Interview mit dem Autor

Was bedeutet Literatur für dich?
Giovanni Del Franco: Zuerst einmal Flucht. In der Literatur suche ich mir Welten, die mich vom Alltag unserer formatierten Gesellschaft entfernen. Und Erinnerung. Die Weitergabe von Erinnerung. Ich schreibe viel über die UreinwohnerInnen Amerikas. Wer ist weiter von uns entfernt als ein Apache des 19. Jahrhunderts? Ich lese Werke zu diesem Thema, oder zu historischen Themen (die Erinnerung…). Vor kurzem habe ich begonnen, mich für Krimis zu interessieren, vor allem für die nordischen (vermutlich aufgrund der Fremdheit).

Was bedeuten Cafés für dich?
GDF: Eine Pause. Ein Moment, in dem die Zeit nicht mehr so schnell läuft. Und ein Abbild der Welt, in der wir leben. Zahlreiche soziale Schichten verkehren hier miteinander.
Ich setze mich nie alleine hin, sondern an die Bar, wo die Menschen miteinander reden. Meistens über unbedeutende Dinge. Aber sie reden. In einem hypervernetzten System sind Orte selten, an denen das möglich ist.

Warum hast du «Le Bouquet de Grenelle » gewählt?
GDF: Ganz einfach aus dem Grund, dass es das Café ist, in dem ich mich am meisten aufhalte, und das seit rund zwanzig Jahren. Da es nah bei einem meiner Arbeitsorte ist, habe ich früher dort regelmäßig einen kleinen Schwarzen getrunken, bevor ich meinen Arbeitstag begonnen habe. Mittlerweile tue ich das nur noch gelegentlich, aber gerade heute war ich wieder dort, um auf der Terrasse ein Glas mit meiner Cousine zu trinken, die zu Besuch bei mir war.

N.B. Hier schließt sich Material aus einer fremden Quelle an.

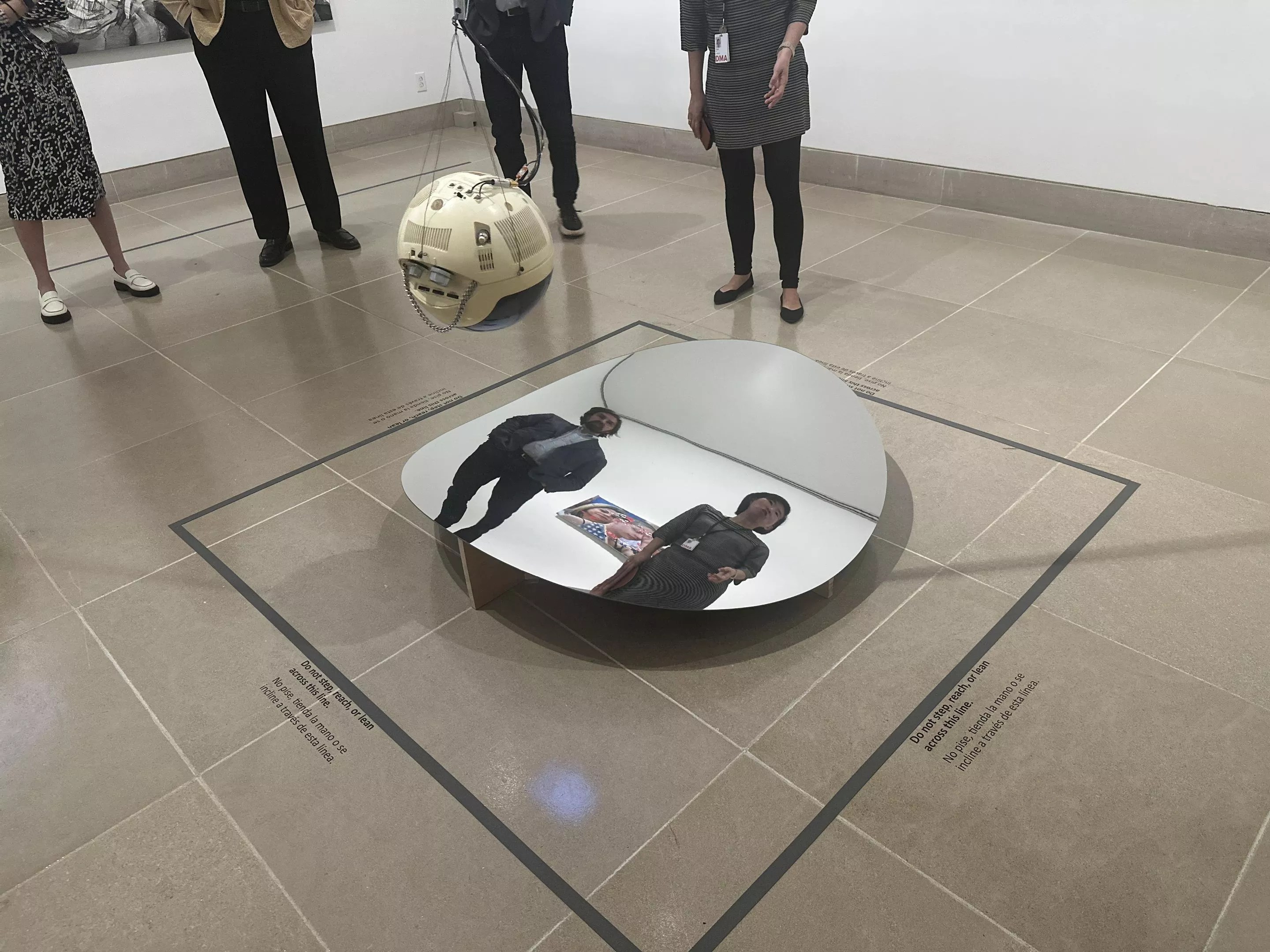 Li’s section also contains a dichotomy between the desire of marginalized groups to represent themselves in their art versus the stakes of visibility and surveillance. Pieces include Shigeko Kubota’s 1981 sculpture “Video Haiku – Hanging Piece,” which is made up of a camera swinging above a mirror, and Pacita Abad’s “How Mali Lost Her Accent,” which juxtaposes the successes of its Laotian subject who was accepted into multiple Ivy League schools with the pressure to assimilate into white institutions and lose her heritage.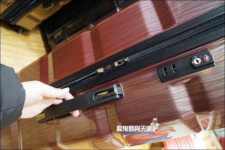 行李箱正面跟側面都有做提把是基本配備,我之前有一咖登機箱就有一邊的提把沒做,在旅行搬運時很不方便。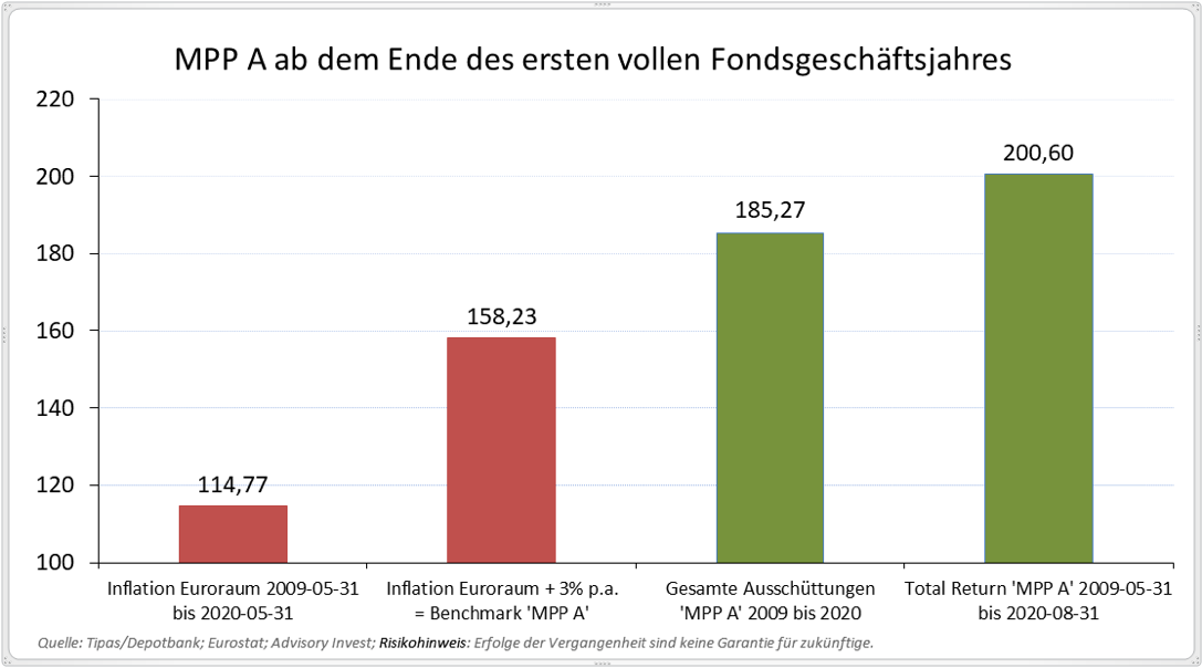 Die nächste Ausschüttung findet am 2. August 2021 statt. Geplant sind wiederum 0,41 Euro pro Stück Fondsanteil MPP A. Bei einem aktuellen NAV von 6,83 Euro errechnet sich eine Ausschüttungs-Rendite in Höhe von 6,00% gemäß OeKB- bzw. BVI-Methode.

Was machst du, wenn du nicht im Café bist?
GDF: Vor allem schreibe ich. Ich kann nur bei mir zuhause schreiben, in der Ruhe, in der Stille. Ich versuche, etwas zu veröffentlichen (und das Vermarkten braucht ebenfalls viel Energie). Ich mag das Kino, Ausstellungen, Reisen (ich bereise alle Hauptstädte Europas). Und um meinen Lebensunterhalt zu verdienen (das Schreiben bringt nicht genug ein), höre ich mir Geschichten an. Ich bin Arzt.